Ayesha Noor, the karate champion, who won several awards abroad, awaits recognition in her homeland, Kolkata

Ayesha Noor with Times women heros award

By Nikhat Fatima | Muslim Mirror

Black Belt Ayesha Noor, 21 years old, started learning karate when she was 8 years old. Suffering from epileptic seizures since birth, living in abject poverty and having lost her father just then, she never dreamed she would ever learn karate leave alone winning gold medals. But it was MA Ali took her in his wing from the slums of Beniakupur, Kolkata and groomed her into a karate champion.


Ayesha made her coach proud by winning her first gold medal in Mumbai in the year 2010 at the national level.

In 2011 she won the Gold Medal in the 15th International Karate Championship (young Group) at Mumbai, where athletes from 16 Countries had participated. She has twice been the national champion in 2011 and 2012.

Subsequently she qualified at the international level in 2013 at Thailand but this was again an uphill task for her.

Ayesha receiving Tejaswini Award

With her father, who was a truck driver, no more, her mother Shakila Begum sews clothes at home while her elder brother works in a shoe shop at the road side.  Ayesha, her mother and her siblings, 6 of them all live in a small one roomed house.

Appeals made by her coach to well wishers resulted in mobilizing the funds needed to go to Bangkok for the International tournament. Ayesha won all the rounds and in the final, she defeated her rival from Japan and won the trophy.

Ever since, she has been on a winning spree earning the title ‘Golden Girl of Kolkata’ representing India.  She won gold again in 2015 in Bangkok.

Her efforts were recognized by the united states of America who honoured Ayesha Noor as “Hero of Gender Equality” at American Centre in New Delhi in 2017.

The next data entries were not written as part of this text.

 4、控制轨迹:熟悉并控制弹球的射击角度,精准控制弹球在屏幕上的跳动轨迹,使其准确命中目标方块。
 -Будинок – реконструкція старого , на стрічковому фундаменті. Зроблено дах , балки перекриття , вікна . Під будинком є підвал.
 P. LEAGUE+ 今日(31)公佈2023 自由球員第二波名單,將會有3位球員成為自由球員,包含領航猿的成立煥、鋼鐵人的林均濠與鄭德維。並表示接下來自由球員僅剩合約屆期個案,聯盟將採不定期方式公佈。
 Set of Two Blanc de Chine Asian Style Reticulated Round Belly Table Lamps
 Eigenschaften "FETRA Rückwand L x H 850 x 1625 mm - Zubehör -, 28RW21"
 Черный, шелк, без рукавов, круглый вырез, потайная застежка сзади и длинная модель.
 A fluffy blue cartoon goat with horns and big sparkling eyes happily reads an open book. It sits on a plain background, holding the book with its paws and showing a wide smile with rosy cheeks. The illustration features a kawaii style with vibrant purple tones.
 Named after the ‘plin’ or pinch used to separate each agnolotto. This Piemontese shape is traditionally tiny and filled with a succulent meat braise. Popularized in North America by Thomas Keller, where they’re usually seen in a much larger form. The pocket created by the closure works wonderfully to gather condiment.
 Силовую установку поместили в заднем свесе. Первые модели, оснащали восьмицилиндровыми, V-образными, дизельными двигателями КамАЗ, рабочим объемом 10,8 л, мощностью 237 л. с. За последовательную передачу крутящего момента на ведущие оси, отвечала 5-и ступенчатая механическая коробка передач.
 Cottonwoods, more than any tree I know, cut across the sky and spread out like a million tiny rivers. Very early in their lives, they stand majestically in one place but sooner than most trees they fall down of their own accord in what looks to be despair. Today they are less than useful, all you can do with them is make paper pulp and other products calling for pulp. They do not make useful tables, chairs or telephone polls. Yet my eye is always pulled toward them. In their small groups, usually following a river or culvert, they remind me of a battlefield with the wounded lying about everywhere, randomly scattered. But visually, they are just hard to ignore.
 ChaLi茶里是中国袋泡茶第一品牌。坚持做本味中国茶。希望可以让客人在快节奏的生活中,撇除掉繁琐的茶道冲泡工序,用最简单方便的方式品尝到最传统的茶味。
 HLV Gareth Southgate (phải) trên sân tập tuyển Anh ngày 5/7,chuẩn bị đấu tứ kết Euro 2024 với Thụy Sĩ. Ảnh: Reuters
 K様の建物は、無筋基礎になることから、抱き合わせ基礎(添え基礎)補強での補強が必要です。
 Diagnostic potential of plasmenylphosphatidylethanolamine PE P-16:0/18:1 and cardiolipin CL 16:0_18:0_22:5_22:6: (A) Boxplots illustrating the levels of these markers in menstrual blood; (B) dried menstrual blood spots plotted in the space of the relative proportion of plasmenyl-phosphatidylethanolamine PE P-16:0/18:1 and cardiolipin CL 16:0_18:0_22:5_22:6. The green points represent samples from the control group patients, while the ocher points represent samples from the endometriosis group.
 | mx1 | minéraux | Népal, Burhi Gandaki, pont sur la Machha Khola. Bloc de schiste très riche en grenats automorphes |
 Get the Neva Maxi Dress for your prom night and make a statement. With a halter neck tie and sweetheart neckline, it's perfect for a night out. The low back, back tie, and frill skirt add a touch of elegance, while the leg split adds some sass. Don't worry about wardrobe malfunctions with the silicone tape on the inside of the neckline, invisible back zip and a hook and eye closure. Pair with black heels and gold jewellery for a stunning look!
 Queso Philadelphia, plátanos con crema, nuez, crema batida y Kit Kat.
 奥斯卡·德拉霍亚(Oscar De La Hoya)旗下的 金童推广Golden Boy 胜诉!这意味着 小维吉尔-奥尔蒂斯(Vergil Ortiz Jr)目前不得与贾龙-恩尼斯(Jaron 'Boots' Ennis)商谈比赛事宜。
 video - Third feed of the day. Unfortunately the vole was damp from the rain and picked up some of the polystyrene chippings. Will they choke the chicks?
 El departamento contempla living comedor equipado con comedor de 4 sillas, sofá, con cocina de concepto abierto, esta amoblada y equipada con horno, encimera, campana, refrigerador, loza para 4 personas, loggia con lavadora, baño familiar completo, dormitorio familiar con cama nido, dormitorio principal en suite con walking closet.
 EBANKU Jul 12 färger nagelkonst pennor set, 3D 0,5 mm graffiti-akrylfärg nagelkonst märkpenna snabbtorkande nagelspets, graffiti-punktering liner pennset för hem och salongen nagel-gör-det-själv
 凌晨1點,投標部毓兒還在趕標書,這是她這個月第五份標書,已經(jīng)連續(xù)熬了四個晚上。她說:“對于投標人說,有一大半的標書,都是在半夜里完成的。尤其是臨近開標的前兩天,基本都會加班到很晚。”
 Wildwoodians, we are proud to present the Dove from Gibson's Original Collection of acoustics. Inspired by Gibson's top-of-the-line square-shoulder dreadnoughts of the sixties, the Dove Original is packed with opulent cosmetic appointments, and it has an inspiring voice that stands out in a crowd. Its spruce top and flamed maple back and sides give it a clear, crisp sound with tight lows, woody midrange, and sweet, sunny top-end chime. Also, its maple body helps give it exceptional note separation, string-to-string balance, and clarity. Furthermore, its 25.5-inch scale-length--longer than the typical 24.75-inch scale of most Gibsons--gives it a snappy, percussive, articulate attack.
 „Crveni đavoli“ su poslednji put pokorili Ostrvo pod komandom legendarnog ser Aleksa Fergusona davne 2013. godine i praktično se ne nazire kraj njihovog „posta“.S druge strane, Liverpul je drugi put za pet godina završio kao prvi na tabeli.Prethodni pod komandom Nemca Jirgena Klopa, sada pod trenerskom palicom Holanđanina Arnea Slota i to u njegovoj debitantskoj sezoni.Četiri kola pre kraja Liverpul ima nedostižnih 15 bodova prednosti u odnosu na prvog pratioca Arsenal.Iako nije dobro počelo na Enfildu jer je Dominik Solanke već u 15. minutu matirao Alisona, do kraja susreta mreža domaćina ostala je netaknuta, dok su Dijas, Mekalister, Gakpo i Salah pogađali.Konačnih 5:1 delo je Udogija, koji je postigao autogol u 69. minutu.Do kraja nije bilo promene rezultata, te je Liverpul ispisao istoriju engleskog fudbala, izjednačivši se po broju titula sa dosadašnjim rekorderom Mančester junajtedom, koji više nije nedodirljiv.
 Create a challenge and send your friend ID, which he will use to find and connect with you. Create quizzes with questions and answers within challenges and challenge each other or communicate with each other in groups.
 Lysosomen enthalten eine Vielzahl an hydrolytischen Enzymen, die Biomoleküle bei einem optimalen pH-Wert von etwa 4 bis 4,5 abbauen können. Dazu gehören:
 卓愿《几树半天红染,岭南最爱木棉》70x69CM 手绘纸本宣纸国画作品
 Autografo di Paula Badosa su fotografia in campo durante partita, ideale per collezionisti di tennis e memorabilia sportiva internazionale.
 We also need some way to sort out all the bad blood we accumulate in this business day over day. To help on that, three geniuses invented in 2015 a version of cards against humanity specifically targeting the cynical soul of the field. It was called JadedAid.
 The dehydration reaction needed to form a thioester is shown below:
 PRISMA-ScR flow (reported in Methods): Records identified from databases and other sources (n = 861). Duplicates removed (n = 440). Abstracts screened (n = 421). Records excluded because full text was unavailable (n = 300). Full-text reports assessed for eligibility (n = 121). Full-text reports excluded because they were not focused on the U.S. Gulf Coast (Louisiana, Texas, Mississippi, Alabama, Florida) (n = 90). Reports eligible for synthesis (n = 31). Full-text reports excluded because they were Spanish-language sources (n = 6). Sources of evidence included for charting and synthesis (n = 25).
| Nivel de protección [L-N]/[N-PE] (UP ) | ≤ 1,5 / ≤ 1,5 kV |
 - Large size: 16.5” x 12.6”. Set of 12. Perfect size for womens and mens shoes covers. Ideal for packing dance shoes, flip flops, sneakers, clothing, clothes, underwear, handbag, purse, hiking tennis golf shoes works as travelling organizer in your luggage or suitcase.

Later in the same year a documentary about her journey from the slums of Kolkata to winning gold at the international level despite her health condition called, “ Girl connected” was made by the International Television series (ITVS) and screen globally. It was also telecast by Doordarshan (Delhi).

The Times of India group also honoured Ayesha as ‘Times Women Heroes Award’ in 2019.

Ayesha having mastered the art of self defense is not satisfied with her achievement. She has taken on the task of training more girls from the slums of her city to defend them for free. So far she has trained more than 200 girls. Her aim is that every girl should learn to defend herself because of the risks they are facing every day.

Sor Vorapin (Thai martial world champion) presenting winning medal to Ayesha Noor of India.

The incident of Nirbhaya shook her deeply and she realized the need for teaching self defense to the girls especially those like her who could not afford the fees. From the last 7 years she has been training girls in karate.

At the International sports meet, 2019 in Bangkok Ayesha was awarded the International sports award.

In 2020 the ‘golden girl’ of Kolkata, was conferred with ‘Tejaswini’ award by Songoti a media house. She also got the ‘swayamsiddha’ Award by Zee 24 ghanta.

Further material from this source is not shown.